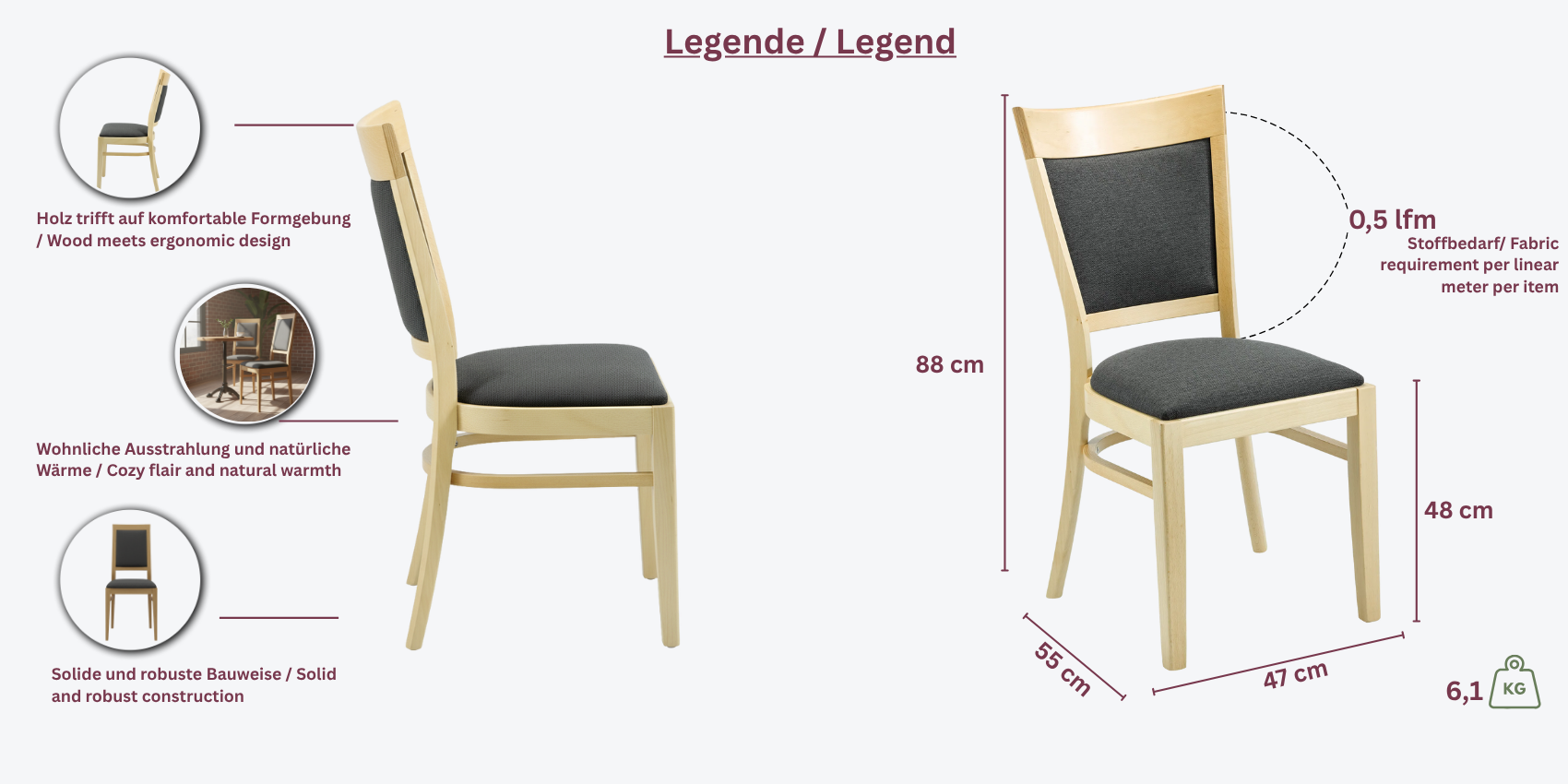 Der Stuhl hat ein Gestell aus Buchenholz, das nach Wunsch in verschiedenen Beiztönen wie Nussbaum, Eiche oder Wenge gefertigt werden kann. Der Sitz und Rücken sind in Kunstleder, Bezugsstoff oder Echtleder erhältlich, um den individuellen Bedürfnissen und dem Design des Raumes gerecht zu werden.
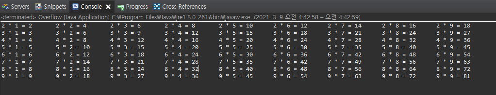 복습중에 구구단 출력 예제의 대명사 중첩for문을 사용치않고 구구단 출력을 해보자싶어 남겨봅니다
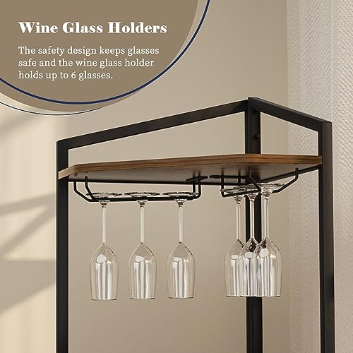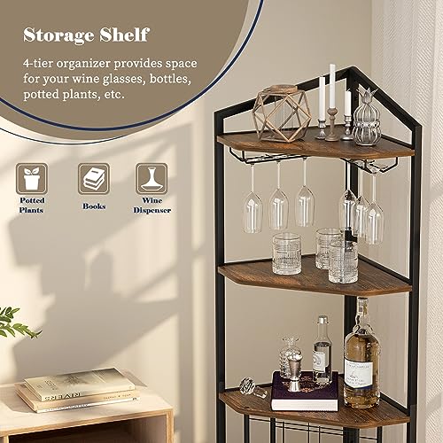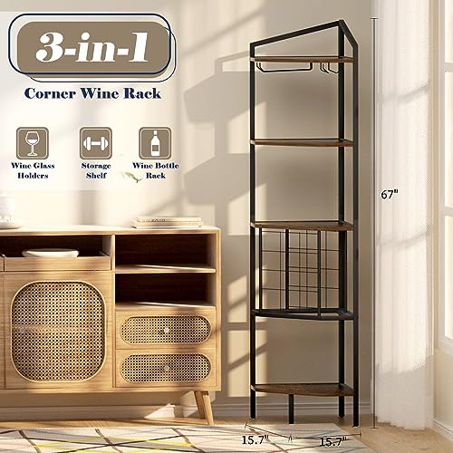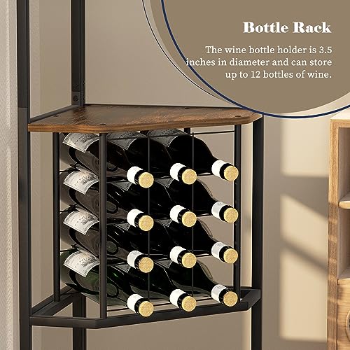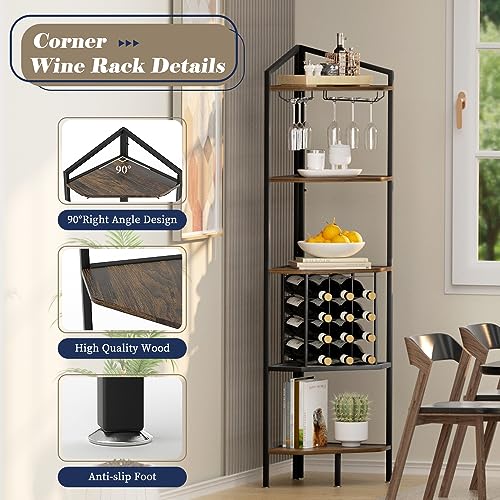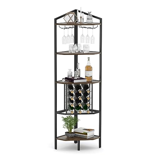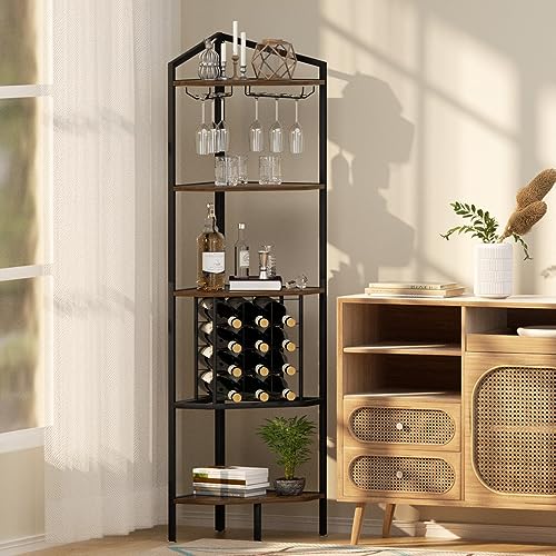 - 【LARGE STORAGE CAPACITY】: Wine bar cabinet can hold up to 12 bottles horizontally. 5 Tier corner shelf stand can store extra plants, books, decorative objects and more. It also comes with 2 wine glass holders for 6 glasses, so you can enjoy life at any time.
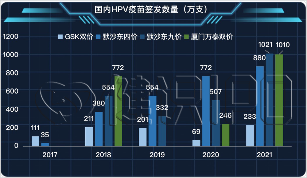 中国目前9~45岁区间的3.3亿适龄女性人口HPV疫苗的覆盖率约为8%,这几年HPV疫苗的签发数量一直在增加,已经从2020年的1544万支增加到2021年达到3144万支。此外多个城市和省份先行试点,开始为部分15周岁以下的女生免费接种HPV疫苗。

------------------------

Task details> Reproduce the data above in full, exactly as it is, with the pictures left out.

Solved exercise>
 Der Stuhl hat ein Gestell aus Buchenholz, das nach Wunsch in verschiedenen Beiztönen wie Nussbaum, Eiche oder Wenge gefertigt werden kann. Der Sitz und Rücken sind in Kunstleder, Bezugsstoff oder Echtleder erhältlich, um den individuellen Bedürfnissen und dem Design des Raumes gerecht zu werden.
 복습중에 구구단 출력 예제의 대명사 중첩for문을 사용치않고 구구단 출력을 해보자싶어 남겨봅니다
 - 【LARGE STORAGE CAPACITY】: Wine bar cabinet can hold up to 12 bottles horizontally. 5 Tier corner shelf stand can store extra plants, books, decorative objects and more. It also comes with 2 wine glass holders for 6 glasses, so you can enjoy life at any time.
 中国目前9~45岁区间的3.3亿适龄女性人口HPV疫苗的覆盖率约为8%,这几年HPV疫苗的签发数量一直在增加,已经从2020年的1544万支增加到2021年达到3144万支。此外多个城市和省份先行试点,开始为部分15周岁以下的女生免费接种HPV疫苗。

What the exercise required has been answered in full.